Physical Interpretation
The mean is sometimes described as the “balance point” of the data. The following example will demonstrate.
Say there are \(n=5\) data points with the following values.
\(x_1 = 2\)
\(x_2 = 5\)
\(x_3 = 6\)
\(x_4 = 7\)
\(x_5 = 10\)
The sample mean is calculated as follows. \[ \bar{x} = \frac{\sum_{i=1}^n x_i}{n} = \frac{2 + 5 + 6 + 7 + 10}{5} = 6 \]

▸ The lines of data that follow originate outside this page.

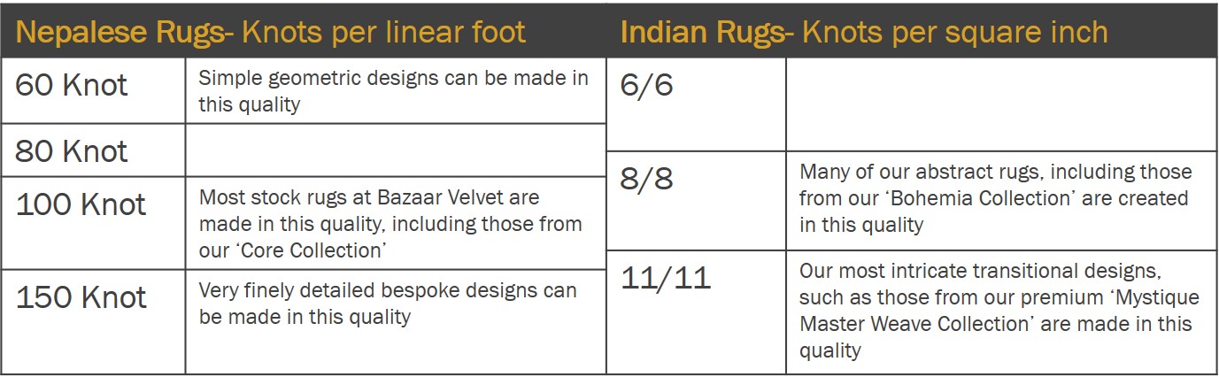 For example, in our popular ‘100 knot’ quality you will find 100 hand tied knots in a foot long row.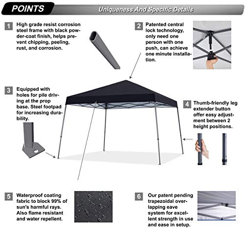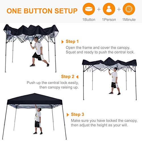 ABCCANOPY 3.6×3.6M Pop Up Pavillon Tragbare Instant Shelter Outdoor Canopies Bonus Rolltasche,Schwarz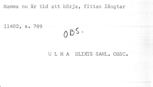 //// Mamma nu är tid att börja, fittan längtar //// 11482, s. 789 //// U L M A BLIX1*S SAA1L. OBSC. //// ; ////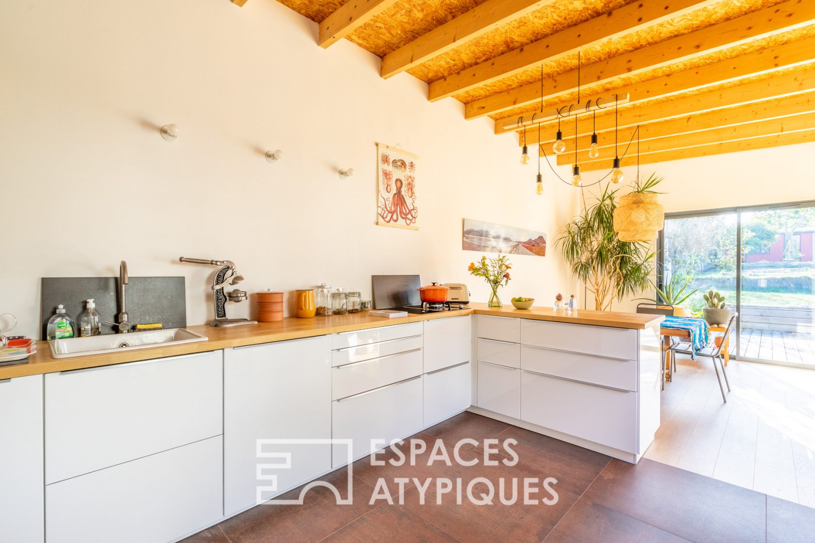 Cette propriété aux belles prestations, se compose d’une maison principale de 97 m² habitables entièrement de plain-pied, d’un studio indépendant de 14 m² ainsi que d’un atelier. Un charmant patio nous invite à découvrir une agréable pièce à vivre caractérisée par ses volumes et ses perspectives. Son exposition Sud lui apporte une luminosité exceptionnelle tout au long de la journée grâce à ses nombreuses ouvertures. Une cheminée suspendue « Focus » habille parfaitement cette pièce à vivre, de par son design contemporain, sa prestance, mais également son efficacité. Une buanderie ainsi qu’une cuisine, entièrement aménagée et équipée, prolongent cette pièce de vie.

If these values were plotted, and an “infinitely thin bar” connected the points, then the bar would “balance” at the mean (the triangle) as shown below.
Middle of the Deviations
- The above plot demonstrates that there are equal, but opposite, “sums of deviations” to either side of the mean. Note that a deviation is defined as the distance from the mean to a given point. Thus, \(x_1\) has a deviation of -4 from the mean, \(x_2\) a deviation of -1, \(x_3\) a deviation of 0, \(x_4\) a deviation of 1, and \(x_5\) a deviation of 4. To the left there is a sum of deviations equal to -5 and on the right, a sum of deviations equal to 5. This can be verified to hold for any scenario.
Effect of Outliers
The mean can be strongly influenced by outliers, points that deviate abnormally from the mean. This is shown below by changing \(x_5\) to be 20. Note that the deviation of \(x_5\) is 12, and the sum of deviations to the left of the mean (\(\bar{x}=8\)) is \(-1 + -2 + -3 + -6 = -12\).

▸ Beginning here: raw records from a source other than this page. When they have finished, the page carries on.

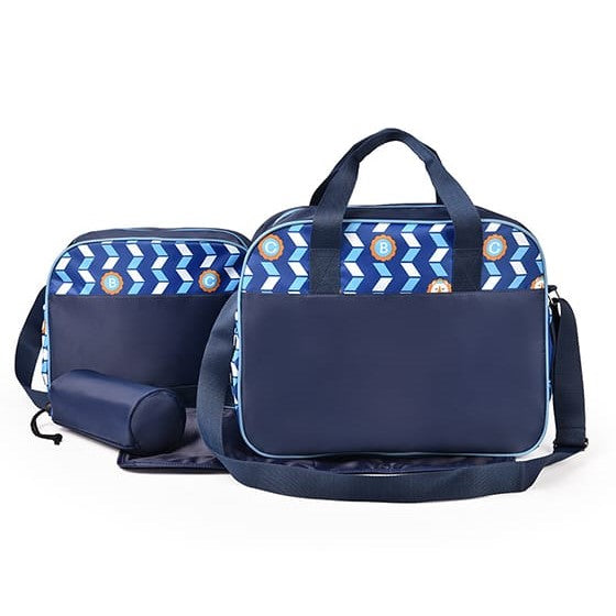 Pack of 4. Sunshine's Dark Brown Premium Diaper Bag Set - thoughtfully designed multi-utility mother bags that include two-size printed bags featuring durable zipper closures, a separate mini feeder bag, and a convenient waterproof nappy changing mat – all in one organized solution for your baby essentials.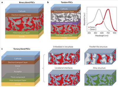 In the past few years, ternary organic solar cells (OSCs) featuring multiple donor or acceptor materials in the active layer have emerged as a promising structure to simultaneously improve all solar cell parameters compared with traditional binary OSCs. Power conversion efficiencies around 10% have been achieved for conjugated polymers in a ternary structure, showing the great potential of ternary systems. In this review, we summarize progress in developing ternary OSCs and discuss many of the designs, chemistries and mechanisms that have been investigated. We conclude by highlighting the challenges and future directions for further development in the field of ternary blend OSCs.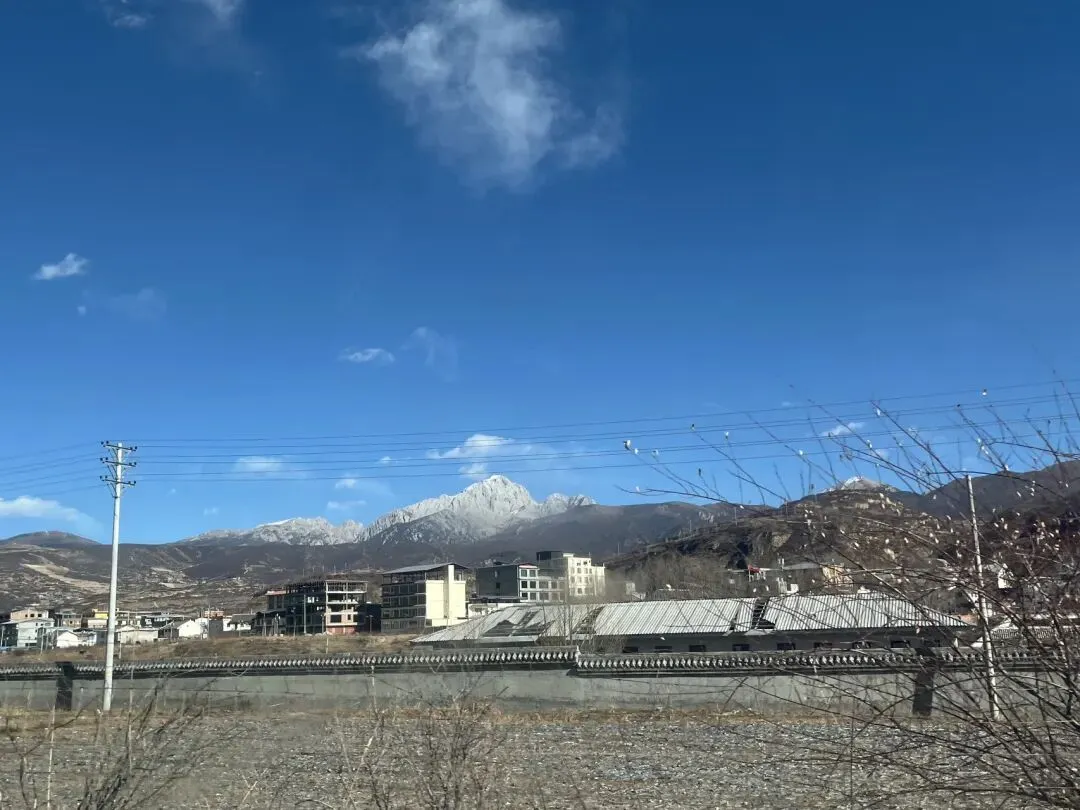因为是冬季去的,沿途都没有什么绿色,跟去北方玩的时候景色很像,但时不时能看到远处的雪山。

The mean of the altered data
\(x_1 = 2\)
\(x_2 = 5\)
\(x_3 = 6\)
\(x_4 = 7\)
\(x_5 = 20\)
is now \(\bar{x} = \frac{\sum_{i=1}^n x_i}{n} = \frac{2 + 5 + 6 + 7 + 20}{5} = 8\).
Population Mean
- When all of the data from a population is available, the population mean is calculated instead of the sample mean. The mathematical formula for the population mean is the same as the formula for the sample mean, but is written with slightly different notation.
\[ \mu = \frac{\sum_{i=1}^N x_i}{N} \]
- Notice that the symbol for the population mean is \(\mu\), pronounced “mew,” another Greek letter. The only other difference between the two formulas is that the sample mean uses a sample of data, denoted by \(n\), while the population mean uses all the population data, denoted by \(N\).
Median
1 Quantitative Variable
Formula:
The mathematical formula used to compute the median of data depends on whether \(n\), the number of data points in the sample, is even or odd.

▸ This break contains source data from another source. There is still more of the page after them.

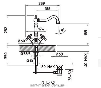 Змішувач для раковини двухвентильний Gessi колекція Ladolcevita бронза 7719 140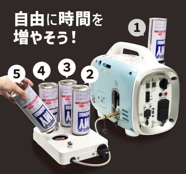 発電機「クレマ」にセットできるカセットボンベは通常1本ですが、発電機専用の外付けユニット「BB-401」を使えば最大5本に増やせるため長時間もOK!本数は自由に選べるので、使いたい時間に合わせてセットするガス量を調整できちゃいます!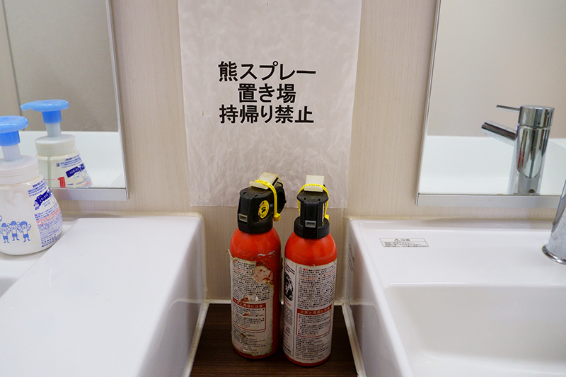 キャンプ場内で熊の目撃情報はないということでしたが、クマよけスプレーも置いてありました。
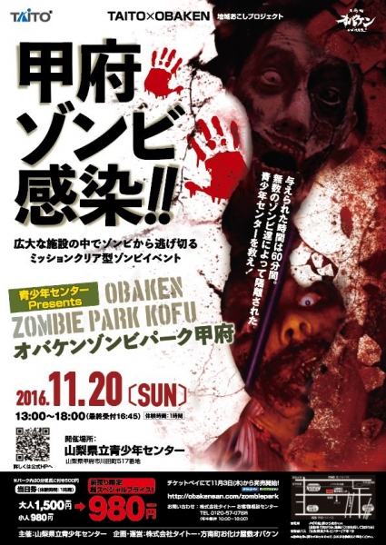 TAITOxオバケン地域おこしプロジェクト 「青少年センターpresents オバケンゾンビパーク甲府」施設全域を封鎖して、自由に遊べるミッションクリア型ゾンビイベントの「オバケン」と「タイトー」がコラボする。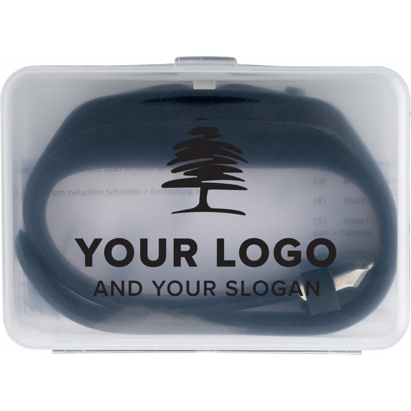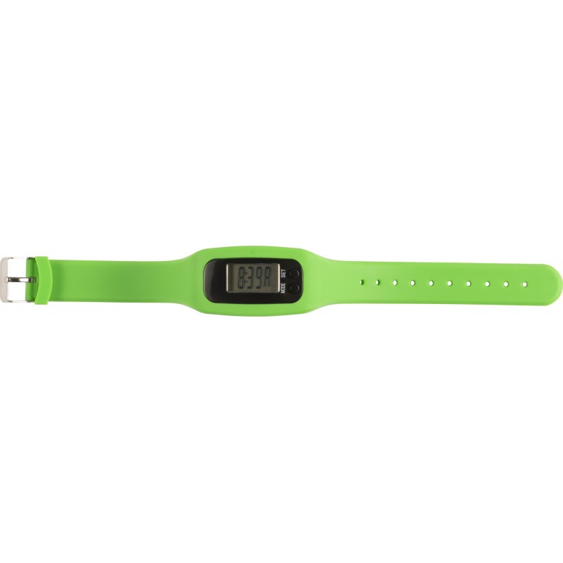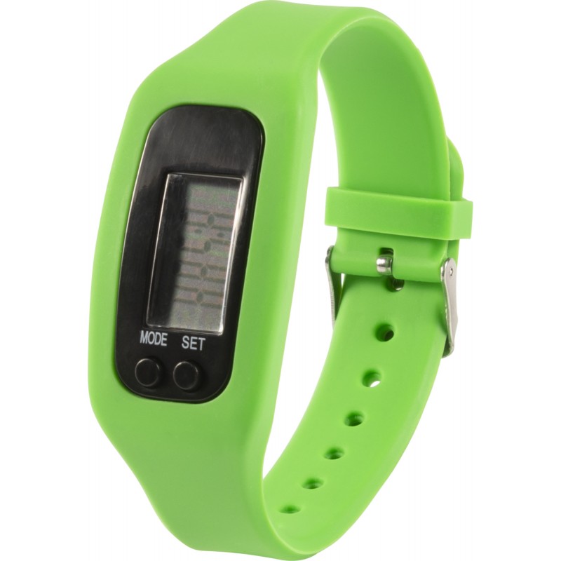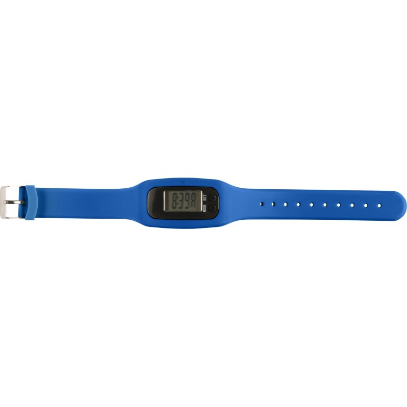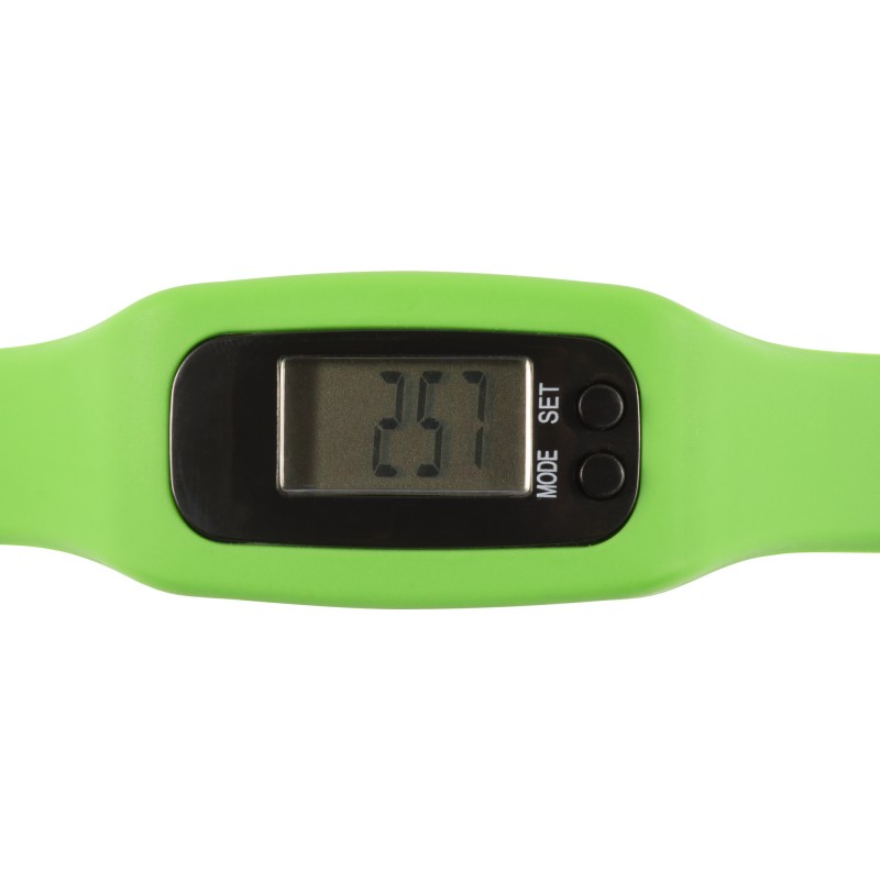 Pedometer with silicone wristband. Records steps (up to 99.999), calories, and distance (miles/km). Batteries included. DC:1.5V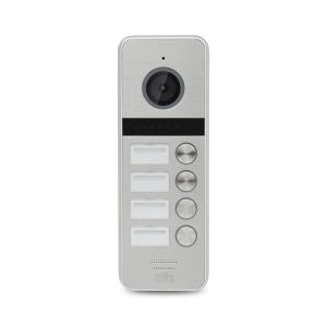 Стан обладнання: знято з вітрини, є сліди монтажу, немає коробки. Кольорова накладна відеопанель сріблястого кольору на 4 абоненти з CMOS матрицею і камерою з роздільною здатністю HD 1280x720. Кут огляду 120°. 4-х дротове підключення до домофона. Підключення всіх типів електрозамків (NO/NC). Вбудований БКЗ. Робоча температура -30..+50°С. Живлення від домофона DC12V. Розмір 132*47*18мм.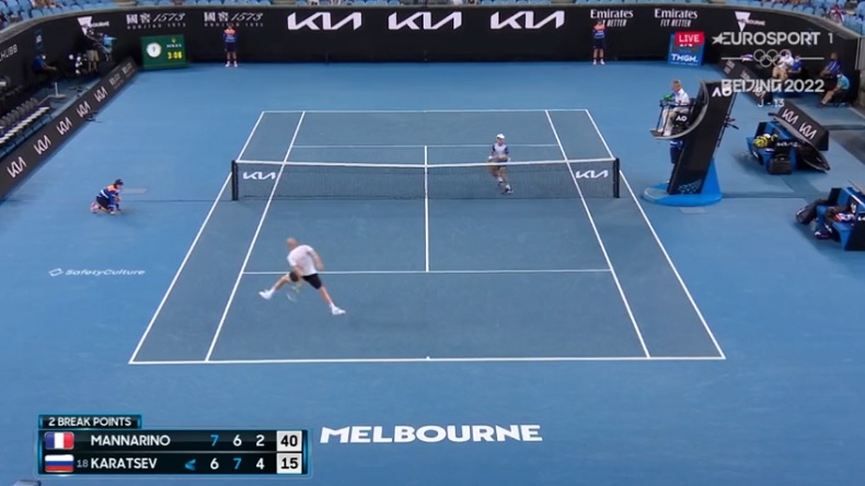 Le Français a tout d’abord improvisé en faisant un lob sur un frontal tweener, le Russe lui a répondu avec un coup entre les jambes classique, puis Manna a conclu le point au filet. Le tennis qu’on aime.

If \(n\) is even, then there is no “middle” data point, so the middle two values are averaged. \[ \text{Median} = \frac{x_{(n/2)}+x_{(n/2+1)}}{2} \]
If \(n\) is odd, then the middle data point is the median. \[ \text{Median} = x_{((n+1)/2)} \]
Symbols in the Formula
There is no generally accepted symbol for the median. Sometimes a capital \(M\) or even lower-case \(m\) is used, but generally the word median is just written out.
\(x_{(n/2)}\) represents the data value that is in the \((n/2)^{th}\) position in the ordered list of values. It only exists when \(n\) is even.
\(x_{(n/2+1)}\) represents the data value that immediately follows the \((n/2)^{th}\) value in the ordered list of values. It only exists when \(n\) is even.
\(x_{((n+1)/2)}\) represents the data value that is in the \(((n+1)/2)^{th}\) position in the ordered list of values. It only exists when \(n\) is odd.
\(n\) represents the sample size, or number of data values in the sample.
Explanation
The “middle data point,” i.e., the 50\(^{th}\) percentile. Half of the data is below the median and half is above the median. Typically used in tandem with the five-number summary to describe skewed data because it is not heavily influenced by outliers, i.e., it is robust. Can also be used with normally distributed data, but the mean and standard deviation are more useful measures in such cases.
Population Median
When all of the data from a population is available, the population median is calculated by the above formulas with the slight change that \(N\), the total number of data values in the population, instead of \(n\), the number of values in the sample, is used.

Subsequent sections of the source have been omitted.